§ **INSTRUCTIONS FOR THE TASK**: The line containing "The Paracas Candelabra is also", plus every line that follows it to the end of the listing below, is what you transcribe exactly; omit all pictures.

§ **SOURCE DATA**:
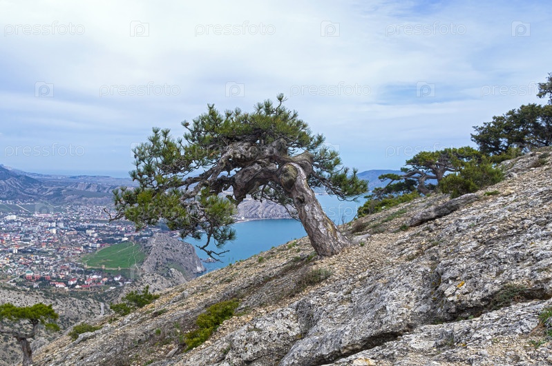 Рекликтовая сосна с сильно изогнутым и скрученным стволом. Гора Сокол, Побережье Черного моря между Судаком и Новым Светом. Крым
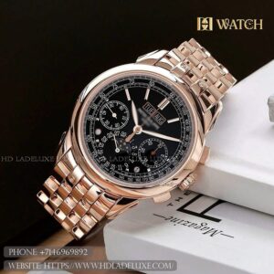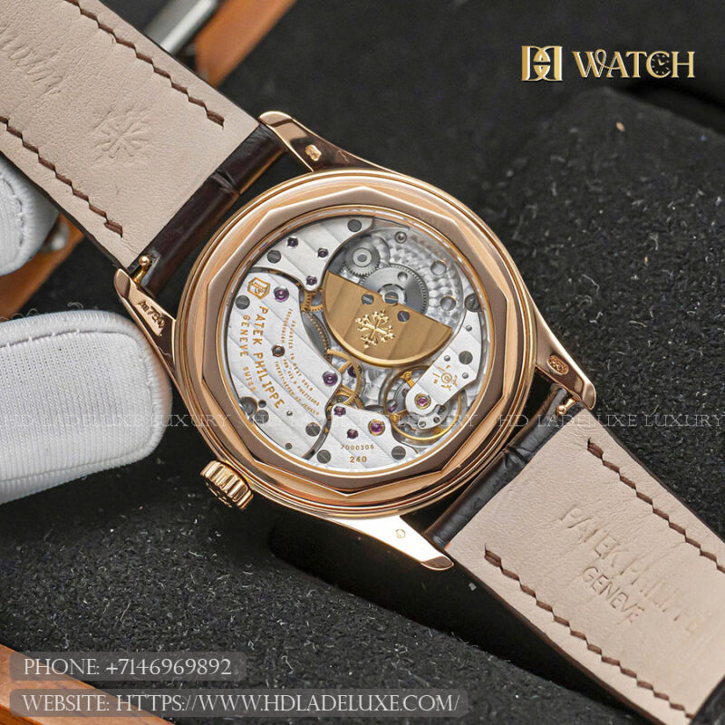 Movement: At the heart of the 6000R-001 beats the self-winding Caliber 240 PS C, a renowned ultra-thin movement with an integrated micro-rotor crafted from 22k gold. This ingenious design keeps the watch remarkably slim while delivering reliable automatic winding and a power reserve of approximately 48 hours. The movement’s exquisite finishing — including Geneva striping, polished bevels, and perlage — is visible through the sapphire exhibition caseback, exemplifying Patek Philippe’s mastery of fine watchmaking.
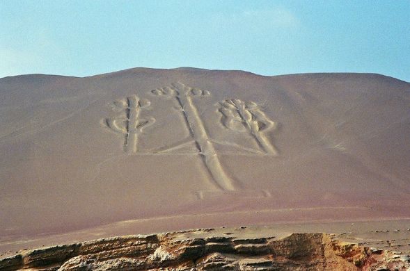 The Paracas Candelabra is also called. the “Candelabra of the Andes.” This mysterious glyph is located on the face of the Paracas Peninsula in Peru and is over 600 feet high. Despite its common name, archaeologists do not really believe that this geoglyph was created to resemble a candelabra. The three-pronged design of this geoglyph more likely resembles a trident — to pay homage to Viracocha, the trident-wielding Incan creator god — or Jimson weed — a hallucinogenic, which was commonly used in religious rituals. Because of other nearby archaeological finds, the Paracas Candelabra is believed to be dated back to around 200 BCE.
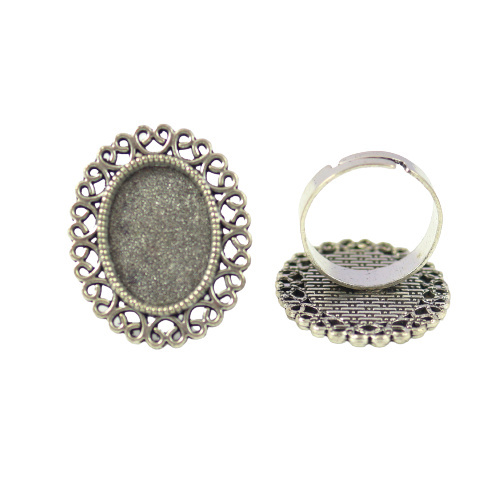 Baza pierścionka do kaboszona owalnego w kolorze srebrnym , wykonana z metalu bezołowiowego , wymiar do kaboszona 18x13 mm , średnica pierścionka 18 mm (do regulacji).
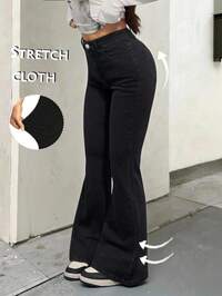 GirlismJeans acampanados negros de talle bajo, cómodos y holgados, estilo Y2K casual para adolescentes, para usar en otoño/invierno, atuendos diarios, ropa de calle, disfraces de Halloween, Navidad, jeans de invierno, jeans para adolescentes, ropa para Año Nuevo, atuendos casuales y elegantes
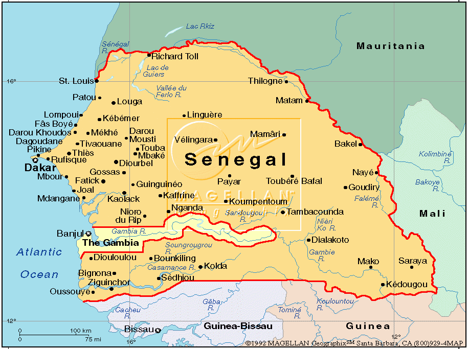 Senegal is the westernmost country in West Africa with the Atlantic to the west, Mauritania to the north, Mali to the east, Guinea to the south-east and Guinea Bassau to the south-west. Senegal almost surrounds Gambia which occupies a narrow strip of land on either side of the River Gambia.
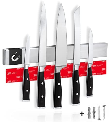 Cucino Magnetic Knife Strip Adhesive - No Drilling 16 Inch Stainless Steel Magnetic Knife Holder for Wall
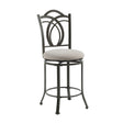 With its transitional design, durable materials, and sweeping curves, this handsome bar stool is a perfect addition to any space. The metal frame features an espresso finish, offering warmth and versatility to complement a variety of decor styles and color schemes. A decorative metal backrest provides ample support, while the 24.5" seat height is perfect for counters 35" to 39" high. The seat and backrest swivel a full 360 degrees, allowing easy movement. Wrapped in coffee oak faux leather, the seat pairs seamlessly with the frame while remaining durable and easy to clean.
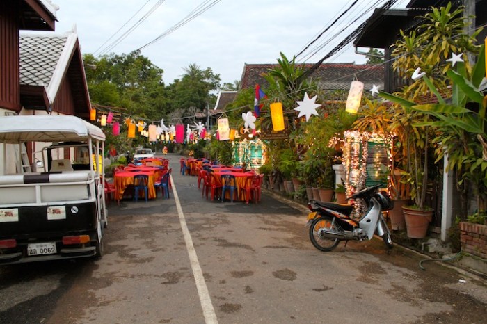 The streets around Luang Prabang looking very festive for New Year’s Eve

§ **WRITTEN RESPONSE**:
 The Paracas Candelabra is also called. the “Candelabra of the Andes.” This mysterious glyph is located on the face of the Paracas Peninsula in Peru and is over 600 feet high. Despite its common name, archaeologists do not really believe that this geoglyph was created to resemble a candelabra. The three-pronged design of this geoglyph more likely resembles a trident — to pay homage to Viracocha, the trident-wielding Incan creator god — or Jimson weed — a hallucinogenic, which was commonly used in religious rituals. Because of other nearby archaeological finds, the Paracas Candelabra is believed to be dated back to around 200 BCE.
 Baza pierścionka do kaboszona owalnego w kolorze srebrnym , wykonana z metalu bezołowiowego , wymiar do kaboszona 18x13 mm , średnica pierścionka 18 mm (do regulacji).
 GirlismJeans acampanados negros de talle bajo, cómodos y holgados, estilo Y2K casual para adolescentes, para usar en otoño/invierno, atuendos diarios, ropa de calle, disfraces de Halloween, Navidad, jeans de invierno, jeans para adolescentes, ropa para Año Nuevo, atuendos casuales y elegantes
 Senegal is the westernmost country in West Africa with the Atlantic to the west, Mauritania to the north, Mali to the east, Guinea to the south-east and Guinea Bassau to the south-west. Senegal almost surrounds Gambia which occupies a narrow strip of land on either side of the River Gambia.
 Cucino Magnetic Knife Strip Adhesive - No Drilling 16 Inch Stainless Steel Magnetic Knife Holder for Wall
 With its transitional design, durable materials, and sweeping curves, this handsome bar stool is a perfect addition to any space. The metal frame features an espresso finish, offering warmth and versatility to complement a variety of decor styles and color schemes. A decorative metal backrest provides ample support, while the 24.5" seat height is perfect for counters 35" to 39" high. The seat and backrest swivel a full 360 degrees, allowing easy movement. Wrapped in coffee oak faux leather, the seat pairs seamlessly with the frame while remaining durable and easy to clean.
 The streets around Luang Prabang looking very festive for New Year’s Eve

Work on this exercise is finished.